Hey. I think I know how to answer this :-)

Answer 3

ok SHOOT NOW.
so i got the max point (e^x = 1)

Answer 4

but what do i do after that?

Answer 5

Since \(e^x\) is much more rapidly increasing than \(x + 1\) is, we can already guess that the max value of \(g(x) \) is at the point \(x = 0\)

Answer 6

\[g(0) = 0 \le e^0 = 1\]

Answer 7

but i got e^x = 1. what do i do with this??

Answer 8

that is the max point.

Answer 9

ok. now what?

Answer 10

Since the maximum point, \(g(0)\), is positive, we can say that \(x + 1 \le e^x\)

Answer 11

for all \(x\)

Answer 12

sorry, i don't fully understand. Can you explain it a little more??

Answer 13

just the last part: how we got to the conclusion.

Answer 14

No, I meant to say something else. I mean that the max value is non-negative.

Answer 15

Let us assume \(f(x) = x + 1\) and \(g(x) = e^x\)

Answer 16

ok, please explain. I'm going for dinner, i'll be back in 30 mins ish, so don't worry if i don't respond. anyhoo, thank you SOO much in advance :P

Answer 17

Or rather \(f(x) = x + 1\) and \(p(x) = e^x\)

Answer 18

i REALLy need help :P kay bye.

Answer 19

Suppose that we have a number \(x_1\) where \(f(x) - g(x) \) is the maximum, and \(f(x_1) - g(x_1) > 0\) and both \(f(x),g(x)\) are increasing.

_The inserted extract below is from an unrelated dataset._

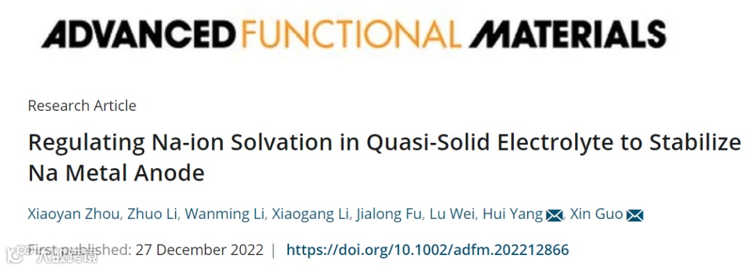 基于此,来自华中科技大学的郭新教授与杨辉教授合作,在国际知名期刊Advanced Functional Materials上发表题为“Regulating Na-ion Solvation in Quasi-Solid Electrolyte to Stabilize Na Metal Anode”的文章。该文章通过原位引发丙烯酸酯聚合得到了一种具有高室温离子电导率(1.4 mS cm−1@25℃)的准固体聚合物电解质(QSE)。QSE中,聚丙烯酸酯衍生聚合物网络中的羰基(O=C)参与Na+配位,有利于Na+在Na电极表面均匀、快速沉积,从而实现高稳定性的固态钠金属电池。

Then we can say that \(g(x) \ge f(x) \) for all \(x\)

Answer 20

Can you see how this works?

Answer 21

OK, see this:

If \(g(x)\) increases as \(x\) increases, then \(x + 1\) is increasing faster than \(e^x\) and so \(x + 1 \ge e^x\).

If \(g(x)\) decreases as \(x\) increases, then \(e^x\) is increasing faster than \(x + 1\) and so \(e^x \ge x + 1\).

If \(g(x)\) stays the same all the time, then \(e^x = x + 1\). Do you see where I am getting?